5) Glaubst du, Deutschland hat Corona gebraucht, um den digitalen Wandel voranzutreiben?
Dass mittlerweile fast jeder eine Videokonferenz einrichten kann und jetzt auch kleinere Läden online verkaufen, bedeutet noch lange nicht, dass wir in Sachen Digitalisierung einen riesigen Sprung nach vorne gemacht hätten. Ich erlebe, wie schwer sich die Schulen und viele Lehrer dort tun. Ich beobachte, wie viele Unternehmen digitale Transformation missverstehen. Ich bin Zeuge, wie einzelne in Unternehmen, Behörden und Ministerien Digitalisierung ausbremsen. Mal aus Angst vor Veränderung, mal aus purem Eigeninteresse. Ich bin in Sachen digitaler Wandel nicht so optimistisch wie der Fragesteller.

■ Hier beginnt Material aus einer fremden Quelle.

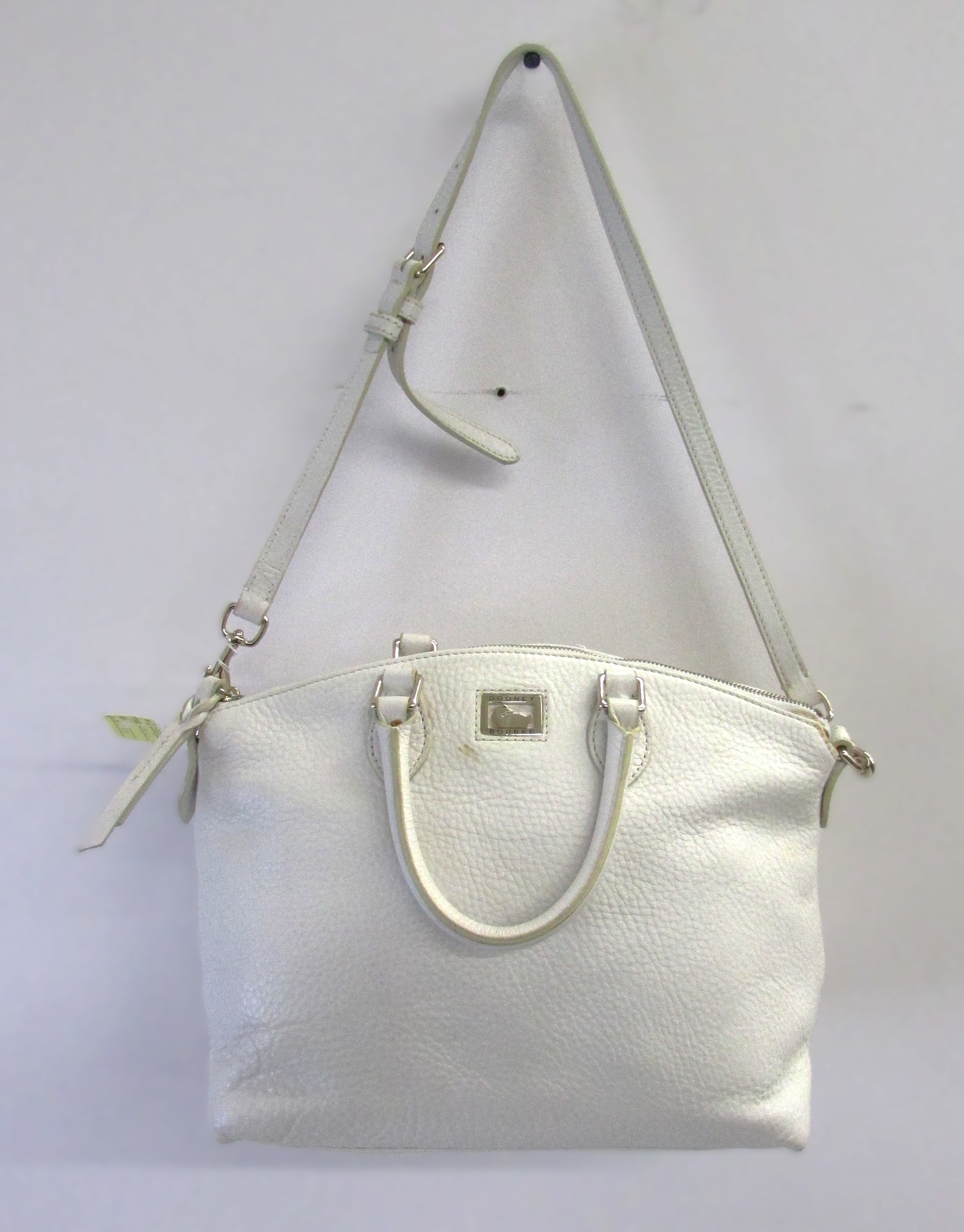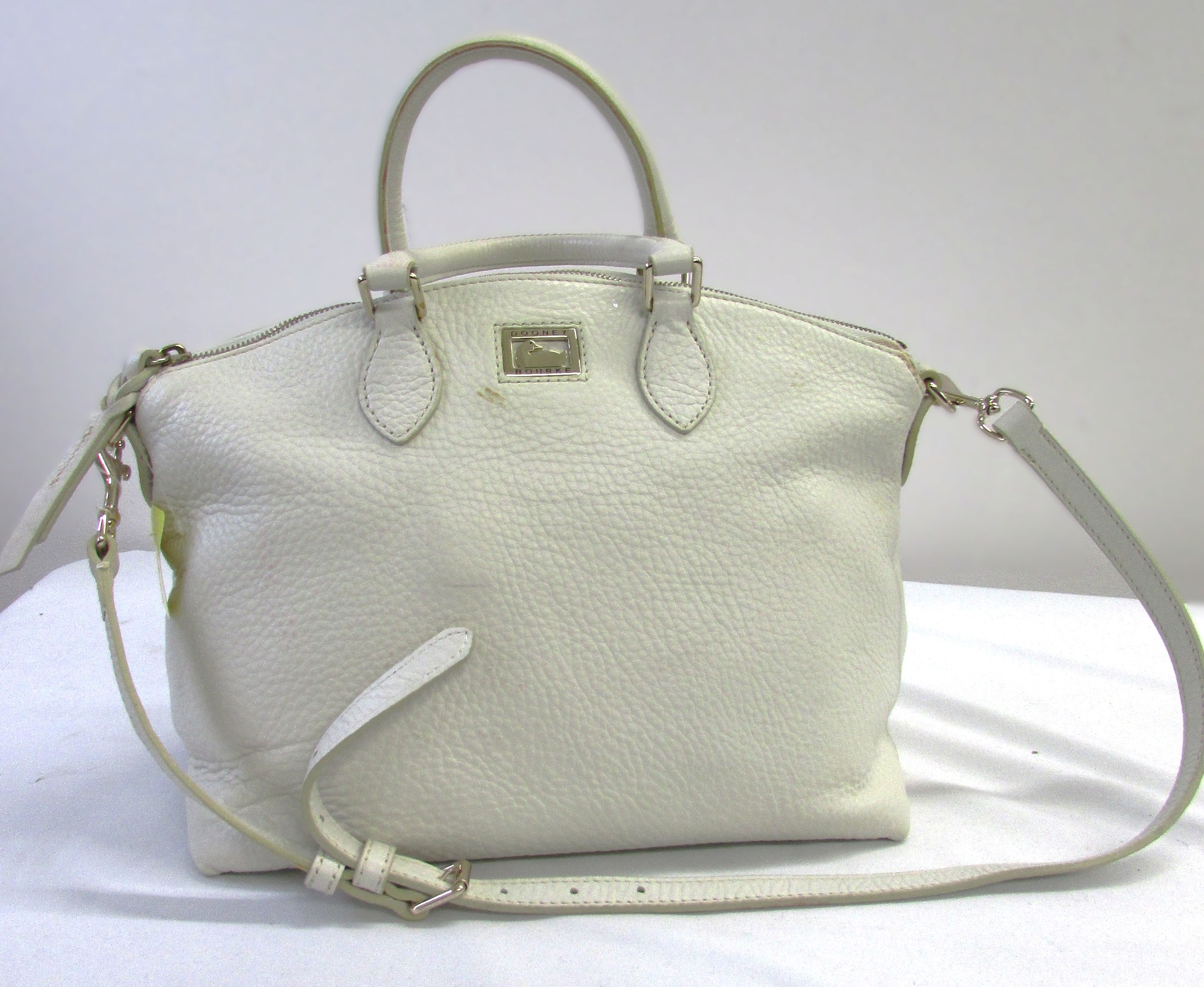 Dooney and Bourke Women Purse, Off White Pebbled Leather Tote Bag Purse w Dual Handle and Shoulder Strap

6) Wer ist dein „hidden Champion“ in der Corona Krise?
Es mag platitüdenhaft klingen, aber für mich sind im wahrsten Sinne des Wortes alle hidden Champions, die sich für andere einsetzen, ohne gesehen und dafür anerkannt zu werden. Pflegekräfte, Feuerwehrleute, Krankenwagenfahrer,... Kurz wurde für sie auf Balkonen applaudiert. Da waren sie vorübergehend mal nicht hidden. Jetzt aber sind sie leider in die Unsichtbarkeit zurückgeglitten. Und höhere Gehälter bekommen sie wohl auch nicht. Das kollektive Gedächtnis ist ein Kurzzeitgedächtnis.
7) Ist Corona für dich noch das bestimmende Thema oder sind Themen wie #blacklivesmatters, Trump oder der nächste Mallorca Urlaub wichtiger?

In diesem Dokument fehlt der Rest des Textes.